> Task item: Pictures stay out of the output. Return exactly the lines below from the one with "Alternatively, you can" down to the one with "Ideal para varandas, áreas", both included, and nothing more.
** Task inputs follows **
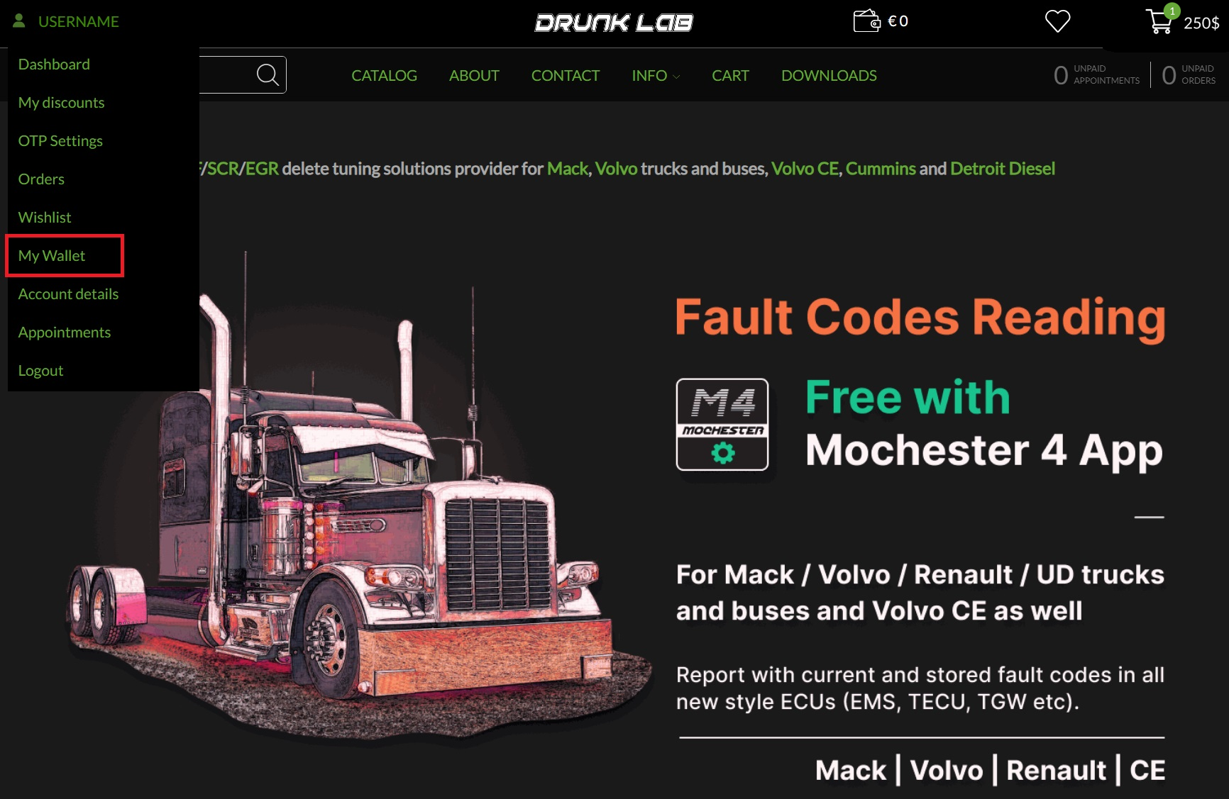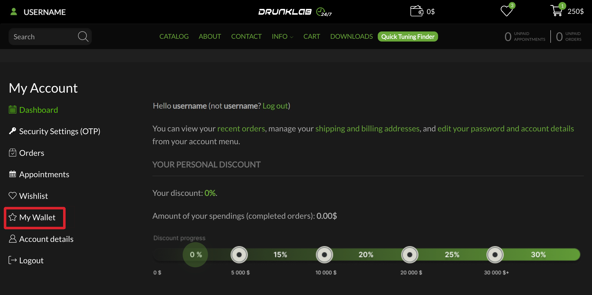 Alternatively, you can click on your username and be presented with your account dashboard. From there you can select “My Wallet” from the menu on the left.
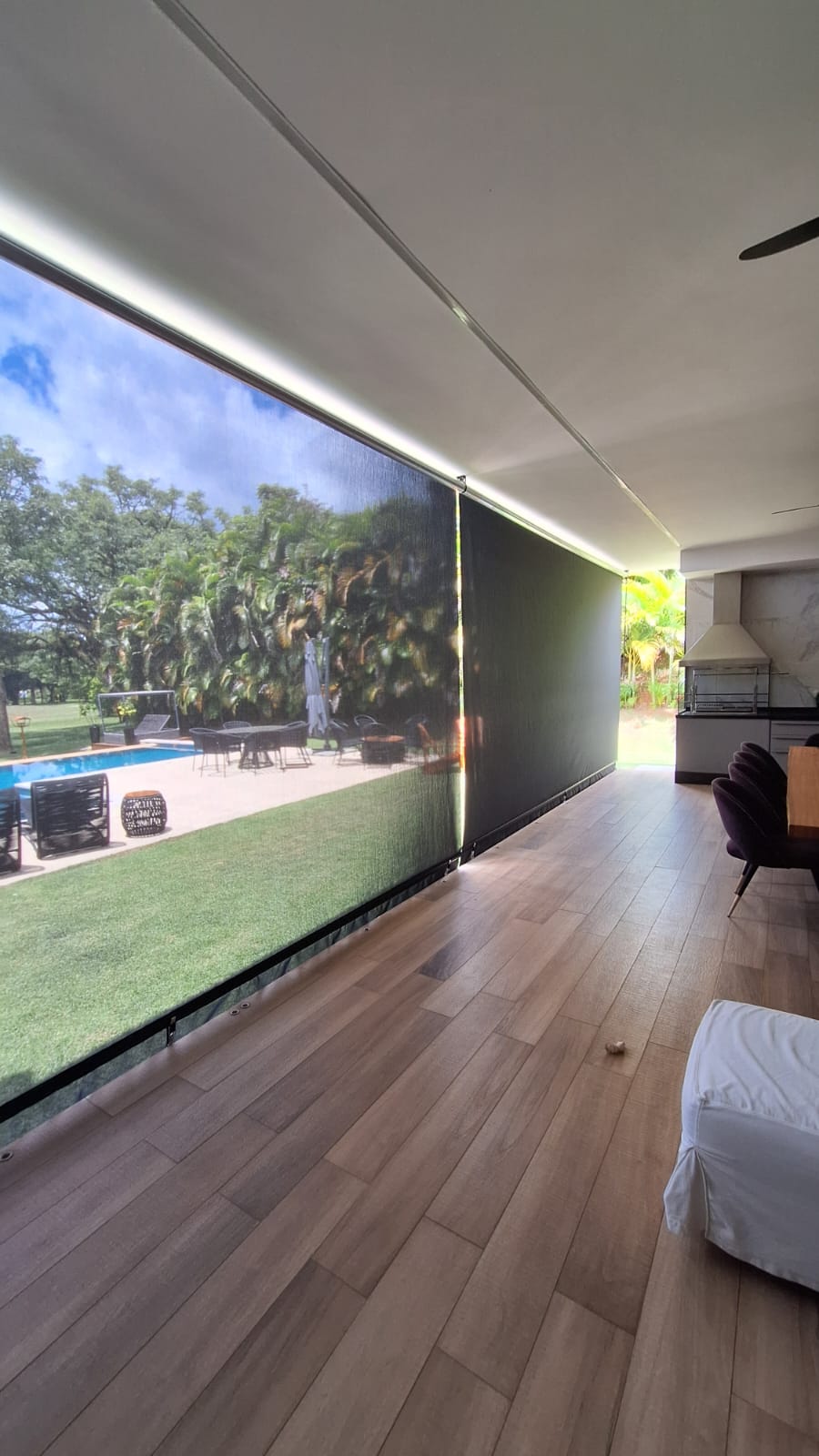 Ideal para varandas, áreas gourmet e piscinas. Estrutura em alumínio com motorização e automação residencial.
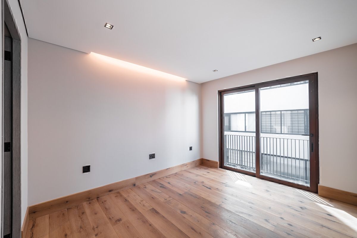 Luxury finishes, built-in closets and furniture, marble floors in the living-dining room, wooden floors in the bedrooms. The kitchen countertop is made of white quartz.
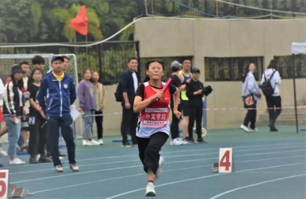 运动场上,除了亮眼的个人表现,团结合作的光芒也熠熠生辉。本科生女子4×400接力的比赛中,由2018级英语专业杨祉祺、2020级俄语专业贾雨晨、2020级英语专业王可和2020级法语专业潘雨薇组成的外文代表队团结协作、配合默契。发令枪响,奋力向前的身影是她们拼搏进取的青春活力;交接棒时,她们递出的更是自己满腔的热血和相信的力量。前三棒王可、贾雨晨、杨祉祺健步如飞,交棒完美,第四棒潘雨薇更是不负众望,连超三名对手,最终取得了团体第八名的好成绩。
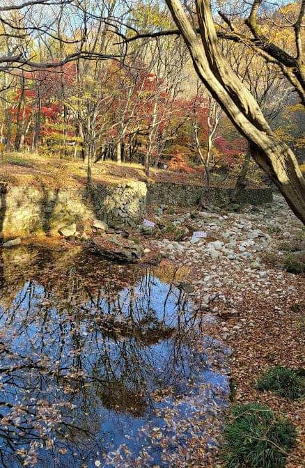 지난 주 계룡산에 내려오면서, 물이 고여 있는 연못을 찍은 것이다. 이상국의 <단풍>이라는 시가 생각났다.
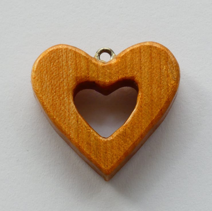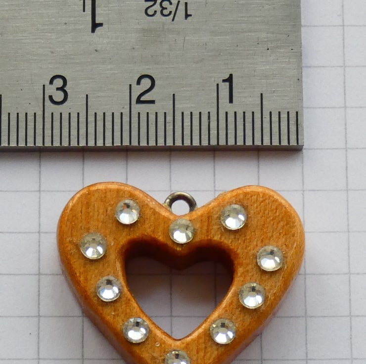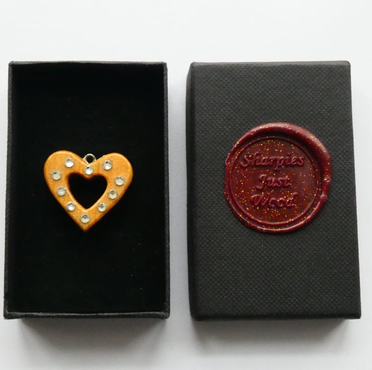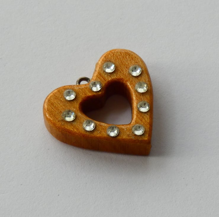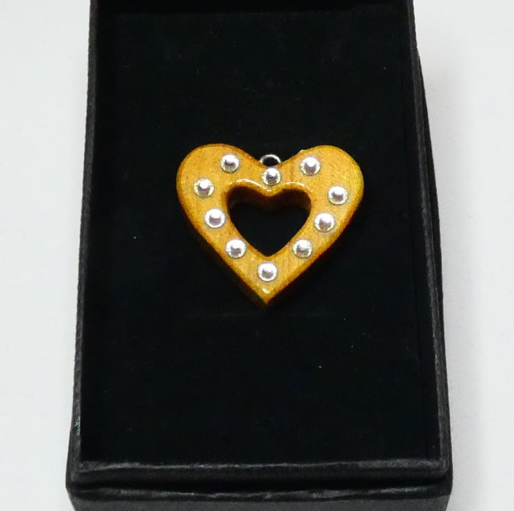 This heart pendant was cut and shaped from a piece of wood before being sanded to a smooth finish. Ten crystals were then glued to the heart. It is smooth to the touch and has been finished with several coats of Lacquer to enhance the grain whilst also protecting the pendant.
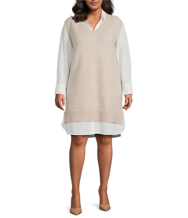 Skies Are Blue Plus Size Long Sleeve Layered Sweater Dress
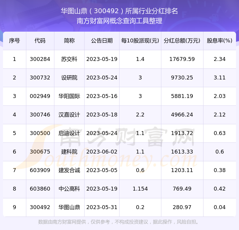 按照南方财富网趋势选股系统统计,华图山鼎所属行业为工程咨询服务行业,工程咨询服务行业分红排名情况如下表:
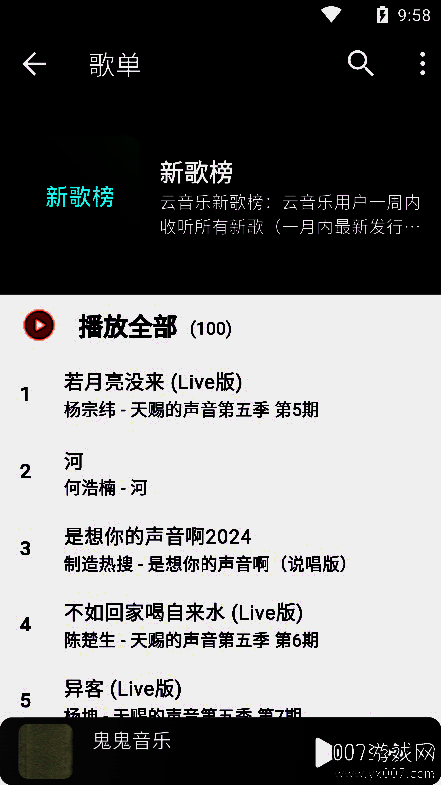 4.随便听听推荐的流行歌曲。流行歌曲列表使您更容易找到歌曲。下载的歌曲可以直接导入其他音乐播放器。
** End of Task inputs **
** Task inputs follows **
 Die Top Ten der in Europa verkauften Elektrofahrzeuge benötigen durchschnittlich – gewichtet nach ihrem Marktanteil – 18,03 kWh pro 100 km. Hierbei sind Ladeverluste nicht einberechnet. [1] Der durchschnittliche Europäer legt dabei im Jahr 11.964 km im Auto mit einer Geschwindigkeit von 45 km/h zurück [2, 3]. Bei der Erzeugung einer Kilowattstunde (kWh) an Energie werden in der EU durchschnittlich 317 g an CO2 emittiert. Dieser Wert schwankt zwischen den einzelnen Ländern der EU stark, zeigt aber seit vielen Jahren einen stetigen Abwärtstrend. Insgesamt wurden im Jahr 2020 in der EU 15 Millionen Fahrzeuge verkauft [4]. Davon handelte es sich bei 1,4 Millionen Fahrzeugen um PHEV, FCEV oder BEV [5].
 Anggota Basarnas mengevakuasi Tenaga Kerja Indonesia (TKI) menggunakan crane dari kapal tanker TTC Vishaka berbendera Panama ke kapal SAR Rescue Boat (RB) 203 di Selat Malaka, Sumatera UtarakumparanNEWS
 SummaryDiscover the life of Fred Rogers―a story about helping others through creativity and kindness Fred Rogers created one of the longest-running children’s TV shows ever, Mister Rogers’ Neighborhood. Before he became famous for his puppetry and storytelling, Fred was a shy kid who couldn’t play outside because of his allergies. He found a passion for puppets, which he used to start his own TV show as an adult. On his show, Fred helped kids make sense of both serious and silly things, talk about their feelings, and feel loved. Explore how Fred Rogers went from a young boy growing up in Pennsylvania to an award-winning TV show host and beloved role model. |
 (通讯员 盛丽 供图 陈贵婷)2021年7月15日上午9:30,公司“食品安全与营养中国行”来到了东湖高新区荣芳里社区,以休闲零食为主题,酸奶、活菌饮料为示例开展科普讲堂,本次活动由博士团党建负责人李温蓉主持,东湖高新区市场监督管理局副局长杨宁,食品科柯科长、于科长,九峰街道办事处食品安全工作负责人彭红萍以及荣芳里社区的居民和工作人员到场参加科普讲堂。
** End of Task inputs **
** Task inputs follows **
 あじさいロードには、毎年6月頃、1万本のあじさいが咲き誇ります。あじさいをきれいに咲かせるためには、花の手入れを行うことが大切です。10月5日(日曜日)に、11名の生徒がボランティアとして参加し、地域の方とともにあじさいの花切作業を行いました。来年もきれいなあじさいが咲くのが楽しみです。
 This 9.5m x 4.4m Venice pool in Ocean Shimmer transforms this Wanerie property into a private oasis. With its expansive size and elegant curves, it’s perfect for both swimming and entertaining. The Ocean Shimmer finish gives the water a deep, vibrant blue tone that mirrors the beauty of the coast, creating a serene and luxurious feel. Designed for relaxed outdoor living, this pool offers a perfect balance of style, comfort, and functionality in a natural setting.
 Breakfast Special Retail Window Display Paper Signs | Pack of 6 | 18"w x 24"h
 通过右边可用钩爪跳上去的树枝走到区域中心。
** End of Task inputs **
> Solution to the exercise:
 Alternatively, you can click on your username and be presented with your account dashboard. From there you can select “My Wallet” from the menu on the left.
 Ideal para varandas, áreas gourmet e piscinas. Estrutura em alumínio com motorização e automação residencial.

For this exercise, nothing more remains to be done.